Now assume that $2m - 1 < p^k$. We get

$$\sigma(p^k)/2 > \frac{2pm - p - 1}{2(p - 1)}.$$

**Claim #1**: $\sigma(p^k) > 2m$

*Proof*: $\sigma(p^k) \geq p^k + 1 > 2m$.

**QED**

**Claim #2**:

$$m \neq \frac{2pm - p - 1}{2(p - 1)}$$

*Proof*: $2pm - 2m = 2(p - 1)m = 2pm - p - 1$, which is equivalent to $p = 2m - 1 > m$. This implies that $k = 1$. But then $m^2 - p^k = m^2 - p = m^2 - 2m + 1 = (m - 1)^2$ is a square, contradicting our result.

**QED**

It thus remains to rule out the case

$$\sigma(p^k)/2 > m > \frac{2pm - p - 1}{2(p - 1)}.$$

The RHS inequality yields $p > 2m - 1 > m$, which is equivalent to $k = 1$, since the assumption $2m - 1 < p^k$ implies $m < p^k$, which in turn implies that the biconditional $m < p \iff k = 1$ holds.

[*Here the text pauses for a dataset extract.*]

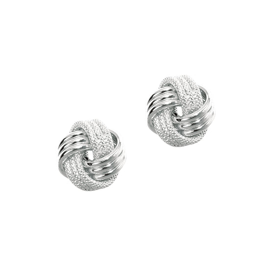 | Description | 14K White Gold Polished & Diamond Cut Love Knot Stud Earring |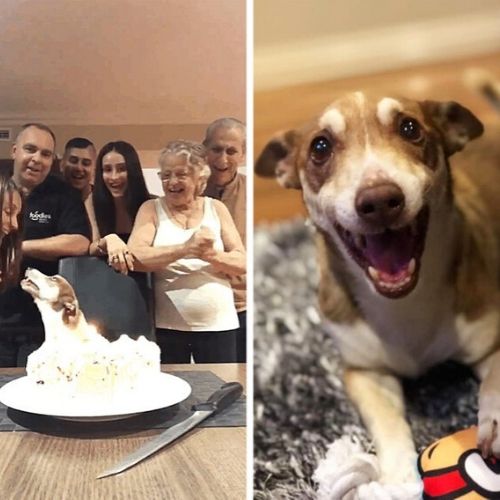 9. Esse cãozinho não poderia estar mais feliz na sua festa de aniversário!

Substituting $k = 1$ into the LHS inequality yields

$$(p + 1)/2 > m.$$

From Acquaah and Konyagin's results, we have

$$p < m\sqrt{3}.$$

This implies that

$$m < (p + 1)/2 < \frac{m\sqrt{3} + 1}{2}.$$

This is a contradiction.

The only way out of the contradictions is to have

$$\sigma(p^k)/2 > \frac{2pm - p - 1}{2(p - 1)} > m,$$

which implies, under the assumption $2m - 1 < p^k$, that

$$p < 2m - 1.$$

In particular, we obtain $k \neq 1$. Since the assumption $2m - 1 < p^k$ implies $m < p^k$, and because $m < p^k$ implies the biconditional $m < p \iff k = 1$ holds, then $k \neq 1$ is equivalent to $p < m$.

----------------------------------------------------------------------------------

Either way, we conclude that $p < 2m$. (Note that Acquaah and Konyagin has already proved that $p < m\sqrt{3}$, so all of this is but an academic exercise.)